Court upholds random drug and alcohol testing at Toronto Transit Commission

About 10,000 employees in safety-sensitive positions will be part of testing program to start in May
||Last Updated: 04/06/2017
Drug testing
A TTC streetcar in downtown Toronto. Shutterstock: Day Owl

The Ontario Superior Court has upheld random drug and alcohol testing at the Toronto Transit Commission (TTC).

Associate chief justice Frank Marrocco denied an application by the Amalgamated Transit Union Local 113 for an injunction against the TTC's decision to implement the testing.

“I am satisfied that if random testing proceeds, I will increase the likelihood that an employee in a safety-critical position, who is prone to using drugs or alcohol too close in time to coming to work, will either be ultimately detected when the test result is known or deterred by the prospect of being randomly tested,” he said. “This will increase public safety.”

“To the extent that refusing the injunction results in, if the applicants are ultimately successful at the arbitration, an invasion of an employee's reasonable expectation of privacy, the person concerned can be compensated with damages… Accordingly, I am satisfied on the evidence that the balance of convenience favours the respondent on this motion and I would have refused this motion on that basis.”

Random testing is part of the TTC's broader fitness-for-duty policy to improve the safety of its workplace, its customers and Toronto road users, said the TTC, and random testing will start later this month.

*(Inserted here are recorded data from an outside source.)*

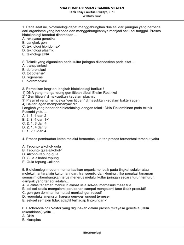 Soal Bioteknologi Olimpiade Kabupaten Sman 2 Tambun
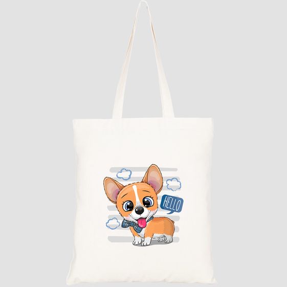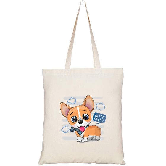 TÚI VẢI TOTE CANVAS IN HÌNH CUTE CARTOON DOG CORGI BOWTIE HT390 – HTFASHION
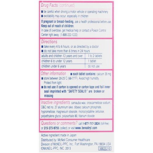 Details: Benadryl Allergy UltraTabs Tablets offer effective relief from upper respiratory allergy and common cold symptoms in a small tablet size. Each tablet contains 25 milligrams of the antihistamine diphenhydramine HCI to temporarily relieve allergy symptoms like sneezing, runny nose, itchy throat and nose, and itchy, watery eyes and the common cold symptoms of runny nose and sneezing. Benadryl Allergy UltraTabs Tablets are intended for adults and children ages six and up.
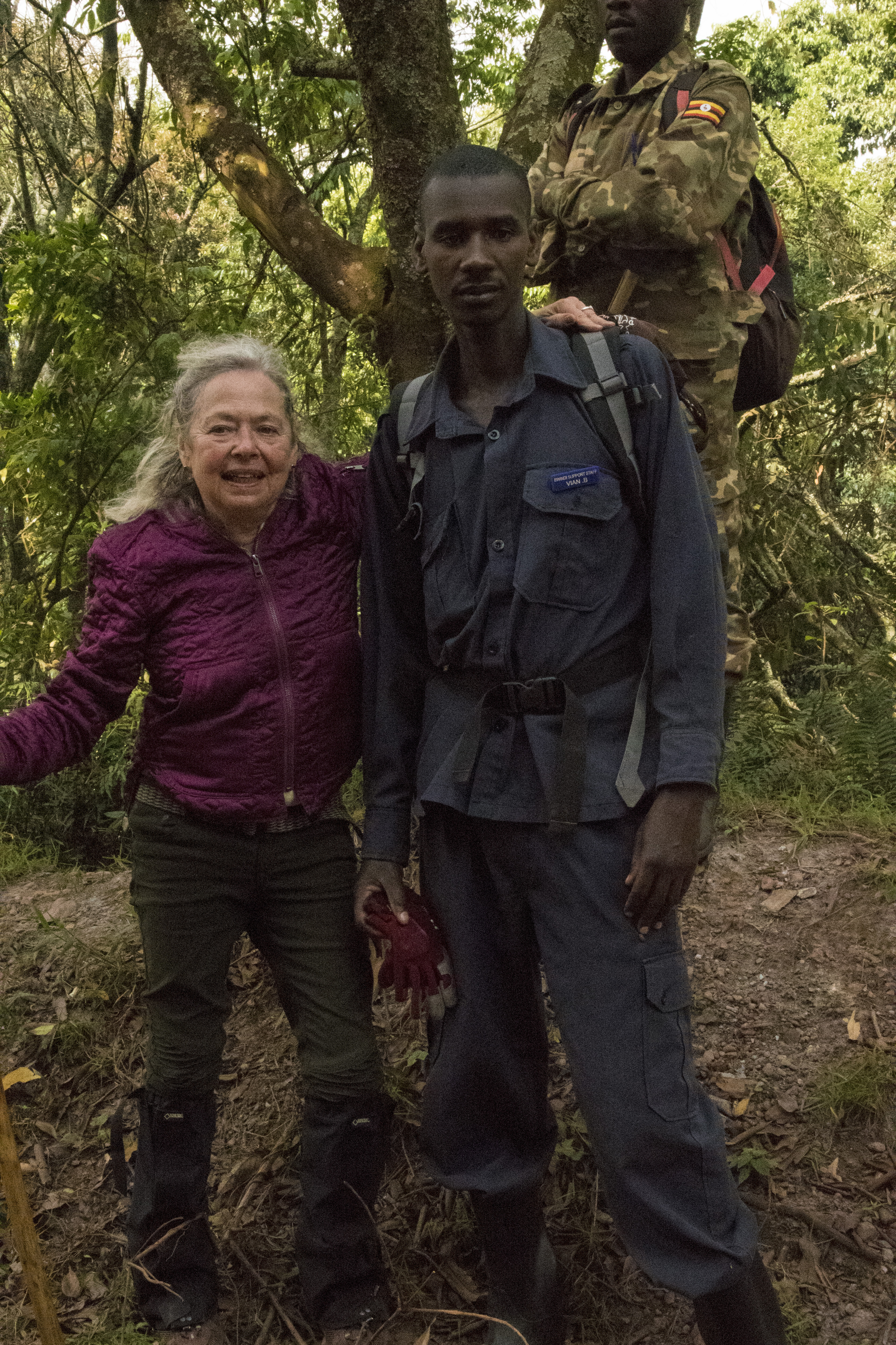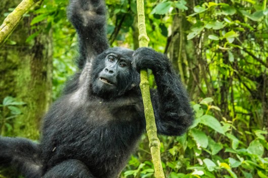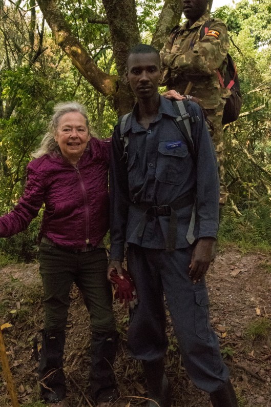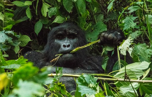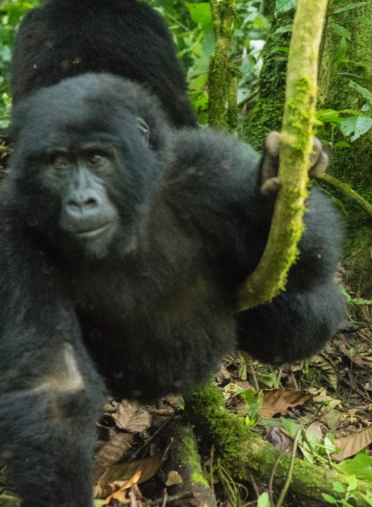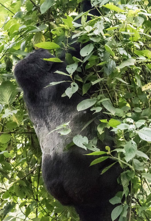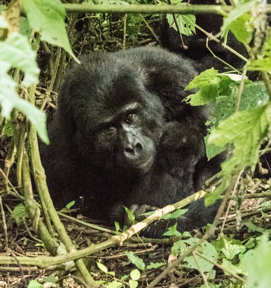 We got our permits to track a gorilla family in the Bwindi Impenetrable National Park in Uganda a few months ago. When the actual morning arrived Joanne was so excited she was breathless. It is known to be a difficult hike which added to her anxiety so we hired a porter to help her with her footing and hold on to the camera. It turned out to be extremely challenging with steep ravines and spongy undergrowth. Gloves were vitally important since you have to grab at the hanging vines to keep from tumbling down the incredibly steep mountain slopes. Our objective was to find the 15-member Kyaguriro gorilla family led by a silverback called Rukara. There were 8 of us adventurers plus a ranger guide, trackers, and porters. We would find the gorilla family and then have a little over an hour to spend with them.

Since 2010, the TTC has had a fitness-for-duty policy that permits workplace testing for drugs and alcohol under certain conditions, such as reasonable cause and post-incident. In 2011, the TTC board approved adding random drug and alcohol testing to the policy. The TTC did not implement it at the time as it was in arbitration over the entire fitness-for-duty policy but was hopeful resolution would be speedy, given the seriousness of the matter, it said.

However, resolution through arbitration has not been swift, said the TTC.

“The TTC felt it could wait no longer, given the increasing number of positive workplace test results and test refusals it has seen, thereby potentially compromising employee and public safety.”

The TTC uses a breathalyzer to measure the presence of alcohol. An oral fluid sample measures the presence of drugs at the time of the test. A breathalyzer provides immediate results, while results for a drug test take two to three days.

“Unless there is reasonable cause at the time of the drug test or there is a reading showing the presence of alcohol, employees will return to work after the test is administered. The TTC will only be advised of a test's pass or fail; a positive drug test is at a level showing a likelihood of impairment at the time the test is administered,” it said.

There are about 10,000 employees in safety-sensitive positions that are part of the TTC's random testing program, including designated management positions and all executives. The TTC will randomly test 20 per cent of its workforce annually, it said.